Leave-one-echo out prediction. Left: the true PDw echo at \(T_E=9.7\) ms from the 5th repeat and three predicted images. Right: boxplots of the Rice log-pdf and corresponding Z-score computed for each method within GM, WM and CSF masks.

Quantitative Maps. \(R_1\), MT\(_{\mathrm {sat}}\) and \(R_2^\star \) maps reconstructed with each method are shown in Fig. 2, along with mean intensity histograms within GM and WM. Note that these maps are displayed for qualitative purposes; low standard deviations are biased toward over-regularised methods and do not necessarily indicate a better predictive performance. It is evident from the histograms that all denoising methods sharpen the peaks without introducing apparent bias. It can be seen that JTV has lower variance than AONLM in the centre of the brain and higher in the periphery. This is because in our probabilistic setting, there is a natural balance between the prior and the quality of the data. In the centre of the brain, the SNR is lower than in the periphery, which gives more weight to the prior and induces a smoother estimate. The mean standard deviation of AONLM, LOG, JTV and TKH is respectively 9.5, 11.5, 11.5, 9.9 \(\times \, 10^{-3}\) in the GM and 8.6, 12, 9.6, 10 \(\times \, 10^{-3}\) in the WM for \(R_1\), 15, 2, 17, 20 in the GM and 11, 20, 10, 13 in the WM for \(R_2^\star \), and 4.6, 5.8, 5.1, 4.5 \(\times \, 10^{-2}\) in the GM and 4.9, 8.2, 4.3, 4.7 \(\times \, 10^{-2}\) in the WM for MT\(_{\mathrm {sat}}\). Once again, variance is reduced by all denoising methods compared to the nonregularised loglinear fit. Again, a lower variance does not necessarily indicate a better (predictive) fit, which can only be assessed by the CV approach proposed above.

Fig. 2.
figure 2

Quantitative maps. Left: example \(R_1\), MT\(_{\mathrm {sat}}\) and \(R_2^\star \) maps obtained with each method, and standard deviation (S.D.) maps computed across runs. Right: mean intensity histograms computed within the GM (plain) and WM (dotted) masks.

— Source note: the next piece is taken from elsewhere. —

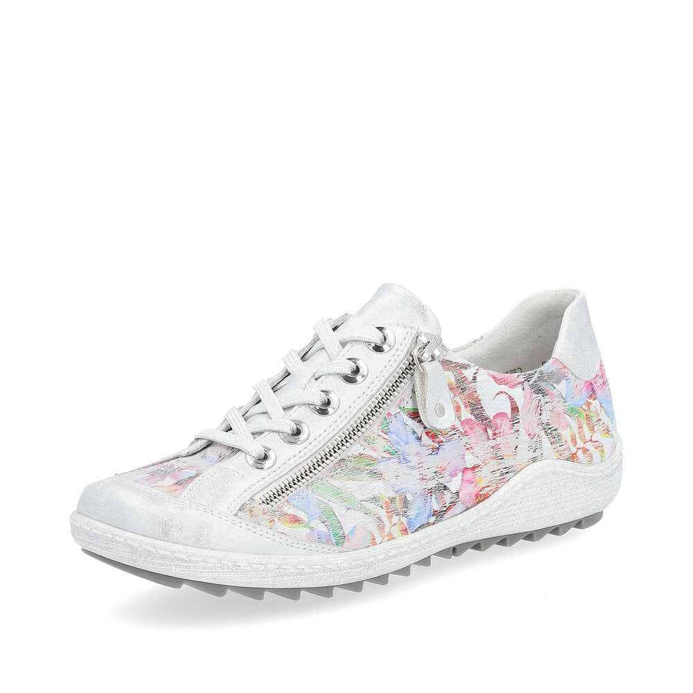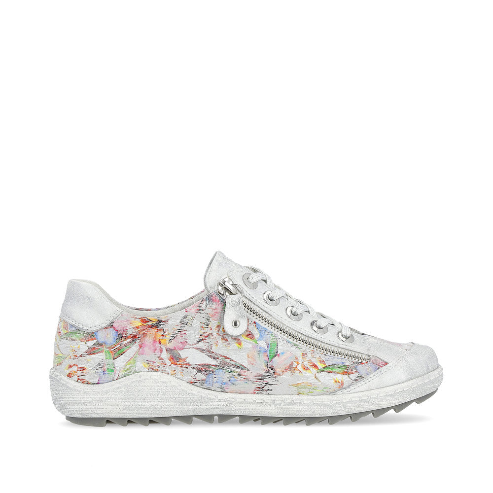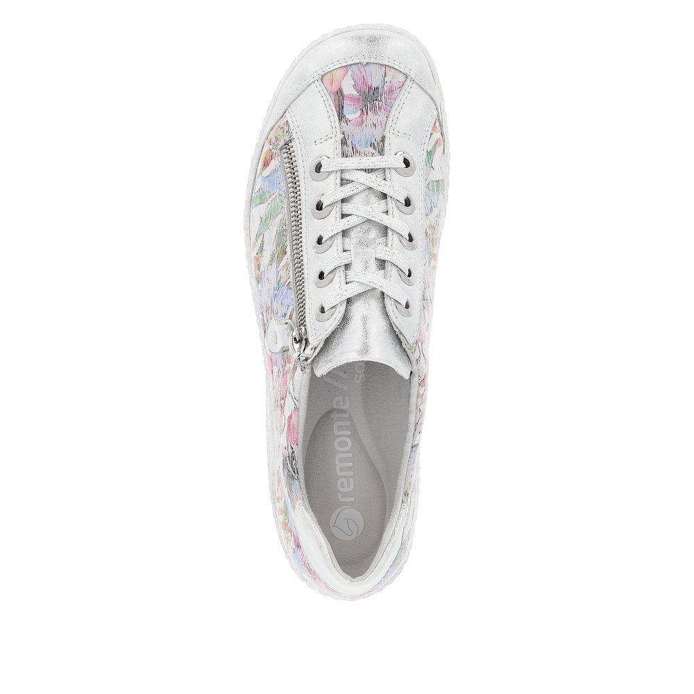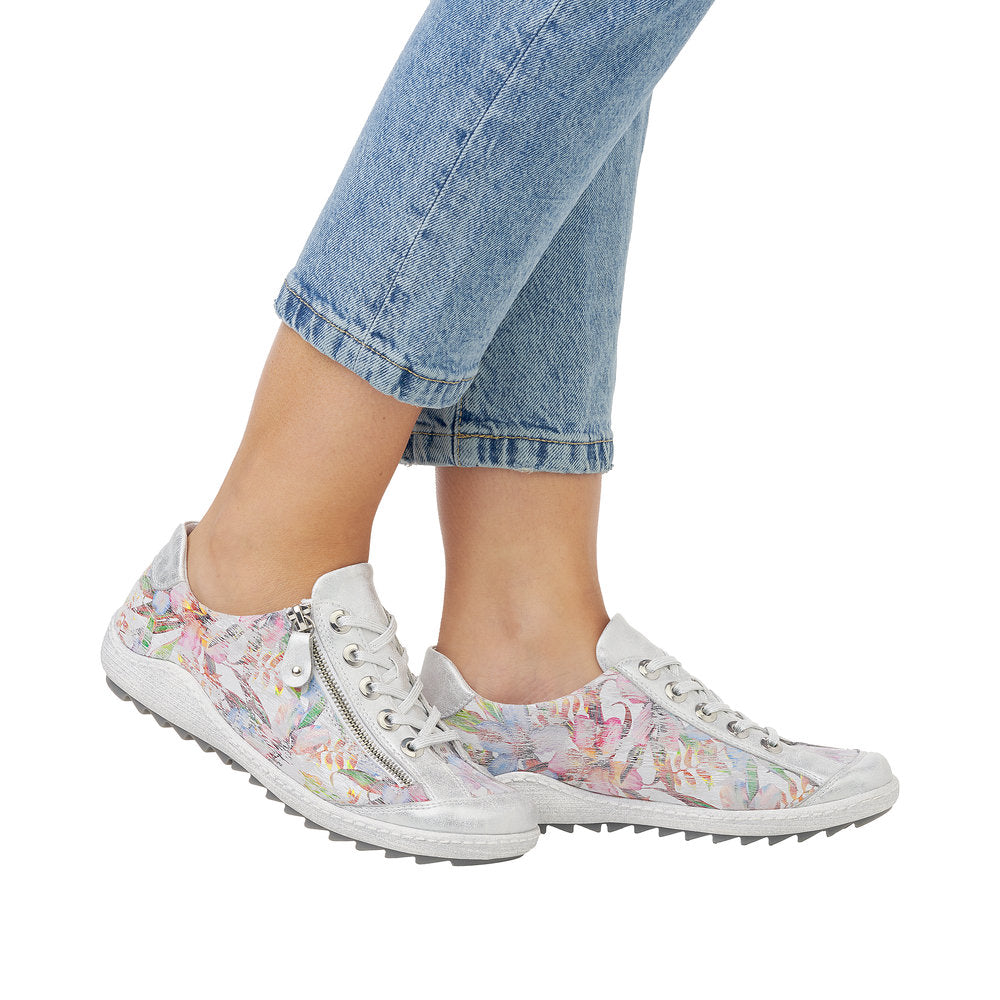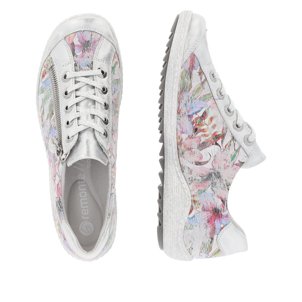 Remonte R1402 silver and multi flower printed leather lace up summer shoes. These pretty summer sneakers feature a soft cushioned footbed for maximum bounce and the cleated sole means they double up as great walking shoes.

5 Discussion and Conclusion

In this paper, we introduce a robust, regularisation-based reconstruction method for quantitative MR mapping. The joint total variation prior takes advantage of the multiple MPM contrasts to increase its edge-detection power. Our approach was validated using an unbiased CV scheme, where it compared favourably over other methods, including a state-of-the-art MR denoising technique. It was shown to reduce the variance of the estimated parametric maps over non-regularised approaches, which should translate into increased power in subsequent cross-sectional or longitudinal voxel-wise studies. The use of a well-defined forward model opens the door to multiple extensions: the projection operator could be modified to include other components of the imaging process such as non-homogeneous receive fields or gridding, which would allow for joint reconstruction and super-resolution; parameters that are currently fixed a priori, such as the rigid matrices, could be given prior distribution and be optimised in an interleaved fashion; non-linear deformations could be included to account for changes in the neck position between scans; finally, the forward model could be unfolded further so that parameter maps are directly fitted, rather than weighted intercepts. An integrated approach like this one could furthermore include and optimise for other components of the imaging process, such as non-homogeneous transmit fields. In terms of optimisation, our approach should benefit from advances in conjugate gradient preconditioning or other solvers for large linear systems. Alternatively, JTV could be replaced with a patch-based prior. Nonlocal filters are extremely efficient at denoising tasks and could be cast in a generative probabilistic framework, where images are built using a dictionary of patches [16]. Variational Bayes can then be used to alternatively estimate the dictionary (shared across a neighbourhood, a whole image, or even across subjects) and the reconstruction weights.